Would you restate all of the entries verbatim, minus any images?
Records to process section start
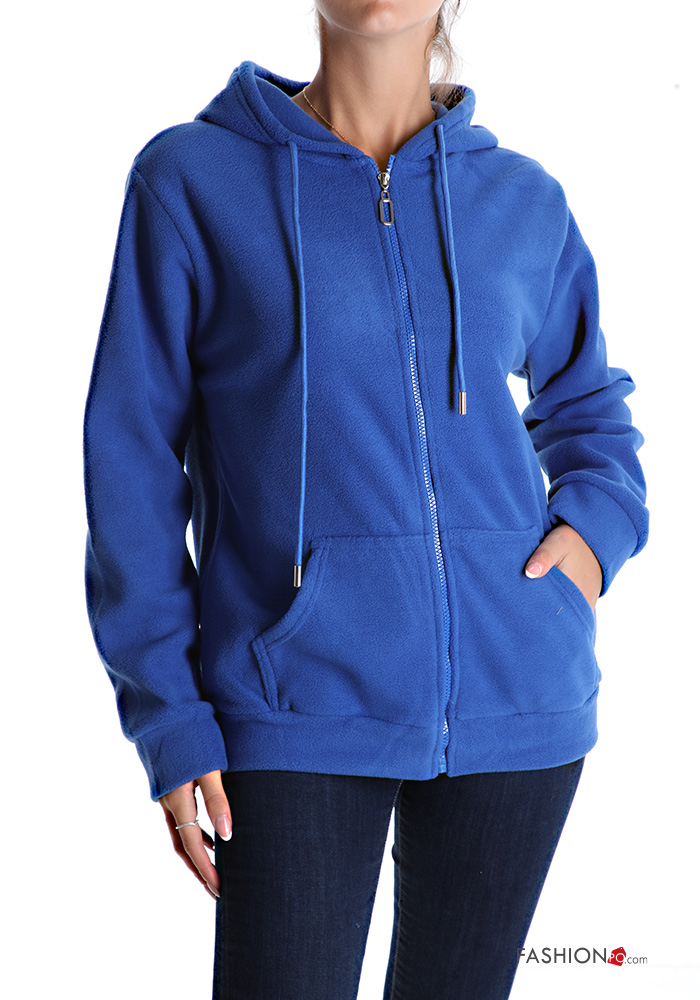 Felpa in Cotone con zip con tasche con cappuccio
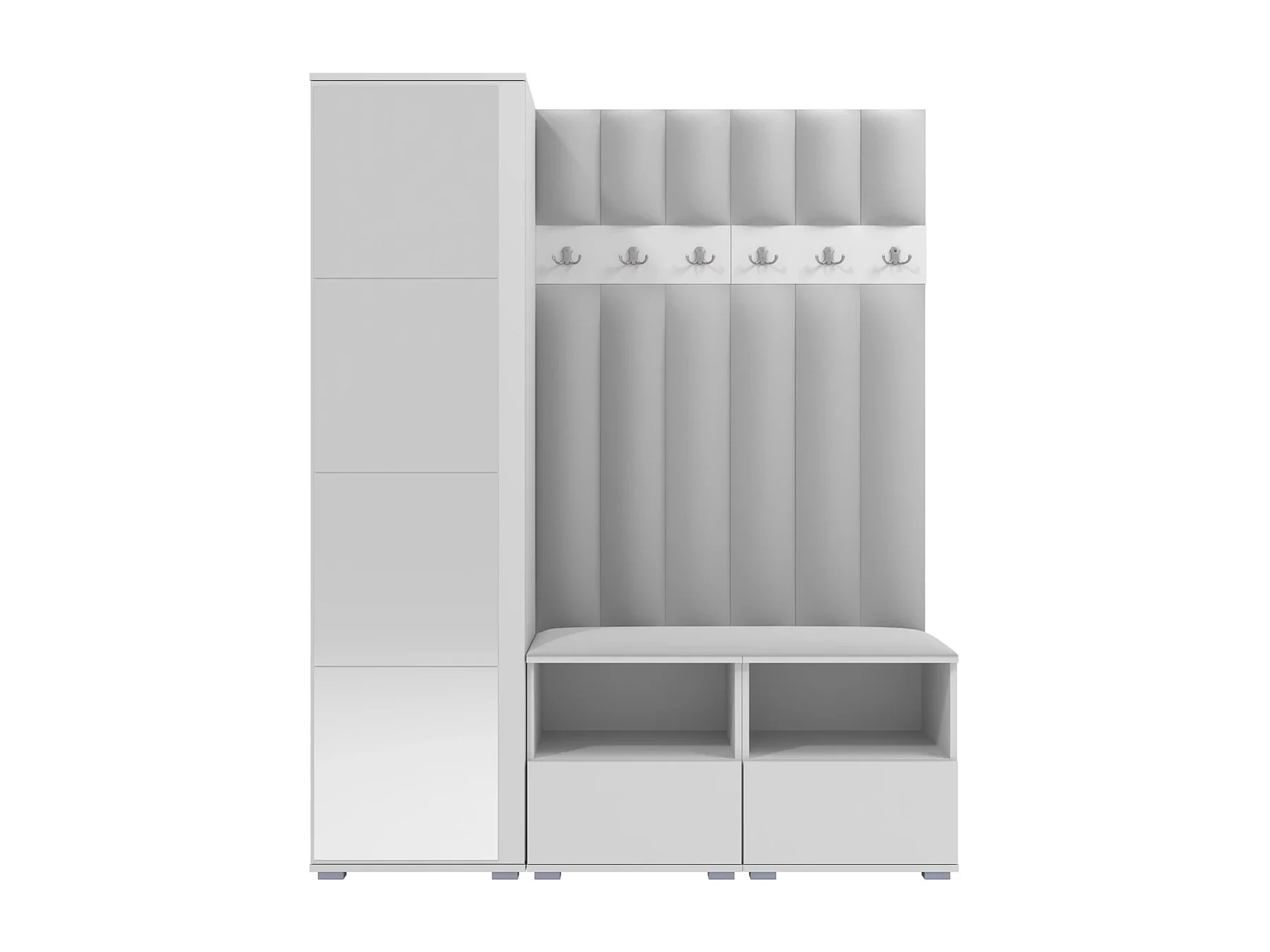 Vestiaire Nela II LUX avec miroir - 150 cm - Blanc Mat - Trinity 32 - Gris Clair
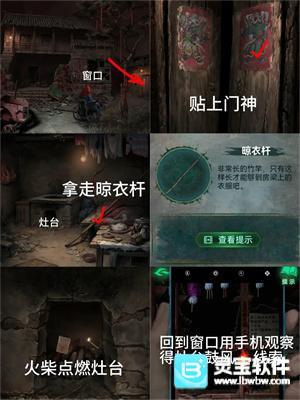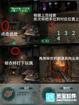 3、回村点右侧房门贴上【门神】开门,进屋拿到【晾衣杆】,【火柴】点燃灶台,用手机照商店窗口得到拉风箱顺序【1321】,【晾衣杆】将灶台上方娃娃打下来(微恐),得到【石片】、【棺材钉】
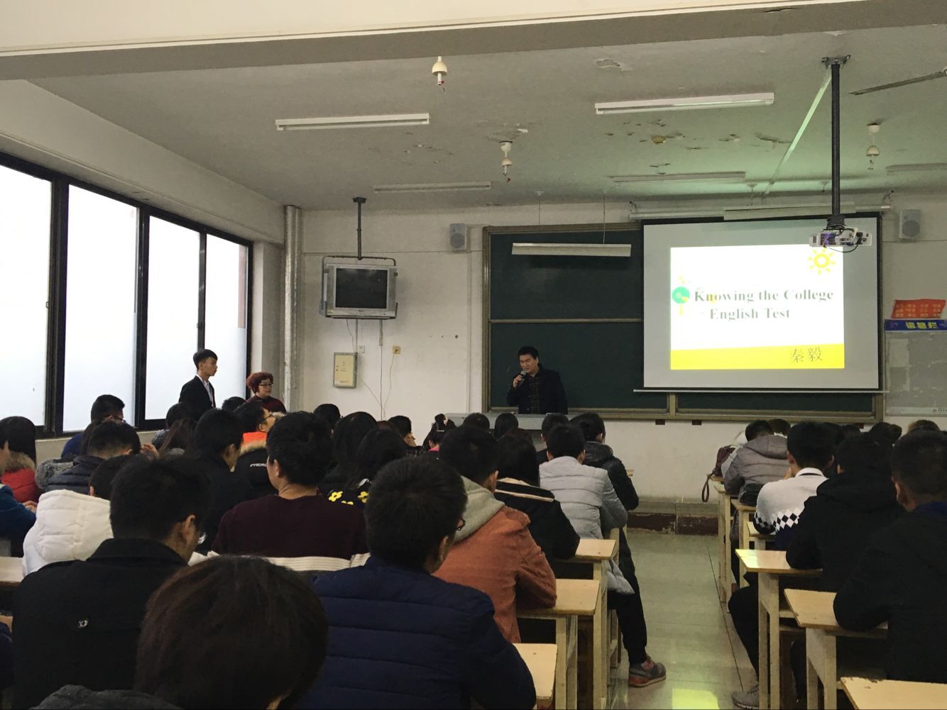 为充分调动学生学习英语的积极性,加强我院学风建设,提高学生备战英语四级的积极性。11月21日,能源与环境工程学院在10#603举办大学英语四级讲座。讲座特邀基础部英语教研室秦毅老师主讲。
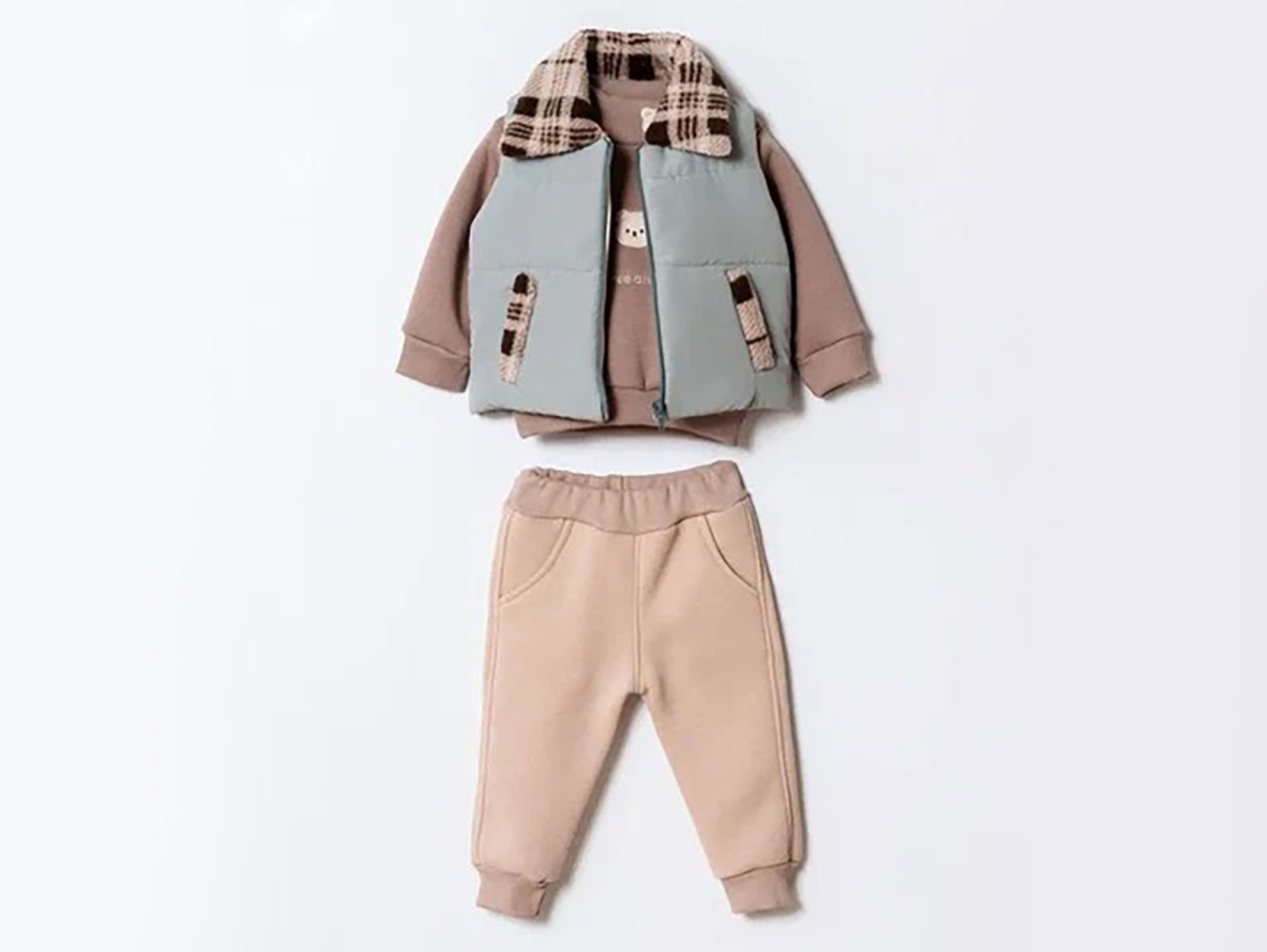 Baby Sets - B1 - Teddy Bear Embroidered Vest Three-Piece Boy Baby Set
Records to process section end
### Task response
 Felpa in Cotone con zip con tasche con cappuccio
 Vestiaire Nela II LUX avec miroir - 150 cm - Blanc Mat - Trinity 32 - Gris Clair
 3、回村点右侧房门贴上【门神】开门,进屋拿到【晾衣杆】,【火柴】点燃灶台,用手机照商店窗口得到拉风箱顺序【1321】,【晾衣杆】将灶台上方娃娃打下来(微恐),得到【石片】、【棺材钉】
 为充分调动学生学习英语的积极性,加强我院学风建设,提高学生备战英语四级的积极性。11月21日,能源与环境工程学院在10#603举办大学英语四级讲座。讲座特邀基础部英语教研室秦毅老师主讲。
 Baby Sets - B1 - Teddy Bear Embroidered Vest Three-Piece Boy Baby Set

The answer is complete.